CodePudding user response:

Roughly speaking, std::string implementation consists of a pointer to the character buffer which represents the string. This character buffer is dynamically allocated on the heap (not always the case, refer to short string optimization). So it really doesn't matter how much space you reserve for the vector, because none of it will be utilized for the character buffer, and for every string that you add in the vector, the character buffer will be dynamically allocated, leaving the extra reserved space unused.

The size of the std::string class is known at compile time, and is equal to sizeof(std::string). In your case, you should just do something of the sort of v.reserve(n * sizeof(std::string)) if you are expecting to insert n strings into the vector v.

CodePudding user response:

I want to add many strings to a vector, and from what I've found, calling reserve() before this is more efficient.

If you know up front how many strings you want to store in the vector, then yes.

For a vector of ints, this makes sense because int is 4 bytes, so calling reserve(10) clearly reserves 40 bytes.

Yes, as it is allocating memory for sizeof(int) * 10 bytes.

I know the number of strings, which is about 60000. Should I call vector.reserve(60000)?

Yes.

How would the compiler know the size of my strings, as it doesn't know if these strings are of length 5 or 500?

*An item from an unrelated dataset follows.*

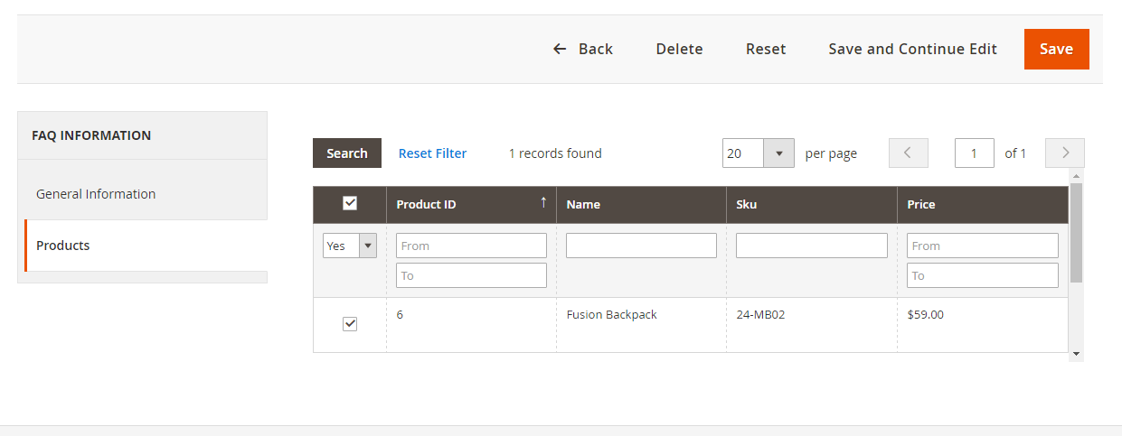 Choose 'Yes' or 'No' to show the FAQ for your store products.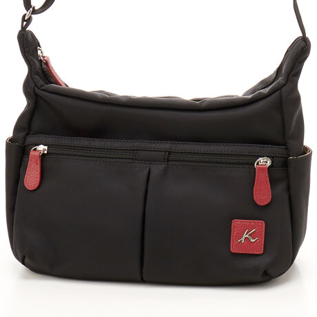 [型番:P-1094]撥水ナイロン素材で仕立てたカジュアルなショルダーバッグ。外ポケットが6箇所あり収納力抜群。軽量で雨の日でも安心してお持ちいただけます。

The compiler doesn't need to know the length of the strings. Obviously, that is not known until runtime. However, that length doesn't change the compile-time size of the std::string class itself, which has a fixed layout and size. But one of its data members is a pointer to the actual character data, which is typically stored elsewhere in dynamic memory, thus is not counted toward the memory of the std::string object itself.

However, in the case of Short-String Optimization, the std::string class includes a small fixed buffer, which does count towards its fixed size at compile-time, and its data pointer will point at that buffer until the character data grows beyond the size of the buffer, then std::string will allocate dynamic memory to hold the larger character data. The SSO buffer still exists in the object, just unused at that point.

reserve() will allocate space only for the std::string objects themselves, not for any dynamic memory used for their character data. When a std::string object points at dynamic memory for its character data, that is irrelevant to the memory that std::vector allocates.

So yes, you would call reserve(60000) if you want to reserve space for 60000 std::string objects. That would allocate memory for sizeof(std::string) * 60000 bytes in the vector.

So, in general, reserve() allocates sizeof(vector::element_type) * capacity number of bytes. Then the vector creates instances of the element_type inside that memory as needed.

Or, in other words, when you want to pre-allocate memory for n number of elements, you ask reserve() to allocate memory for n number of elements. Period. The details of what those elements do internally is irrelevant to the vector. That is for the elements to handle on their own.

  • Related